The road transportation network is one of the leading causes of injury and death in the world. Compared to aviation or rail, road transportation is significantly more dangerous due to its continued reliance on human drivers and the frequent occurrence of unsafe, complex traffic scenarios. Over the last decade, there has been a significant push to introduce vehicle automation into road transportation to address these challenges. By replacing the human driver, vehicle automation has the potential to  revolutionize both the safety and efficiency of the road transportation network. However, in the most recent years, we have seen slower progress in this transformation. We attribute this slow down to the continued struggle for vehicle automation to handle a long tail of unexpected traffic issues, often stemming from occlusions, sensor uncertainty, or even system faults. One approach for addressing unexpected traffic issues is the integration of remote human operators who monitor, assist, and, when needed, control the vehicles. Although a key goal of vehicle automation has been to take humans out-of-the-loop, these remote human operators form a layer of resiliency that help fill in automation gaps and mitigate failures throughout a vehicle's operation. However, by integrating remote human operators, we risk introducing new human errors into the road transportation network.

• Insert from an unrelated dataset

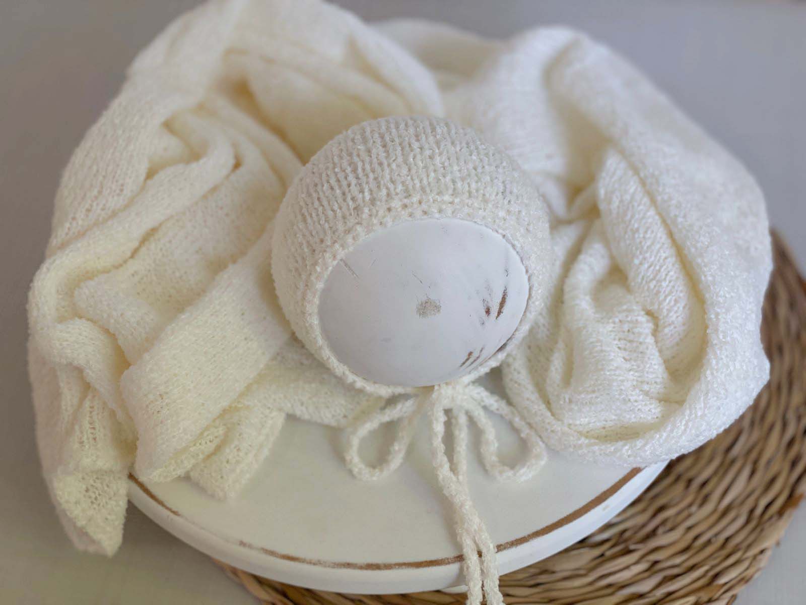 O wrap possui um toque leve e agradável, enquanto a touca simples complementa a composição de forma clássica e harmoniosa, valorizando o ensaio sem tirar o protagonismo do bebê.

In this thesis, we seek to address this challenge by designing a new control framework that explicitly and safely integrates remote human operators into the engineering and automation of connected vehicles. Our core design approach is to closely inspect the roles that remote human operators play when supervising connected vehicles and adapt traditional control principles to these roles. For this adaptation, we detail a new methodology that combines formal methods and reachability analysis to enable online verification. We show that we can verify an operator-designed specification by constructing a computational structure called temporal logic trees using either hybrid zonotope-based or Hamilton-Jacobi reachability analysis. Through their modularity, temporal logic trees ensure that when a connected vehicle's specification is changed, the verification result can be updated in real-time. Moreover, we show that when the temporal logic trees are constructed using Hamilton-Jacobi reachability analysis, we are able to efficiently synthesize specification-compliant control sets that contain the control inputs a vehicle can implement to ensure it satisfies its requirements. Using the synthesized control sets, we design a shared autonomy system that allows a remote operator to safely control a connected vehicle in cases where automation is insufficient. By leveraging this methodology, we develop a framework that allows a remote human operator to change a connected vehicle's driving specification, automate the vehicle to complete the updated specification, and even intervene on the vehicle's operation, all with guarantees that the vehicle will comply with the specification. We validate both the technological feasibility and benefits of the developed framework on a small-scale connected vehicle testbed enabled with a 5G cellular network.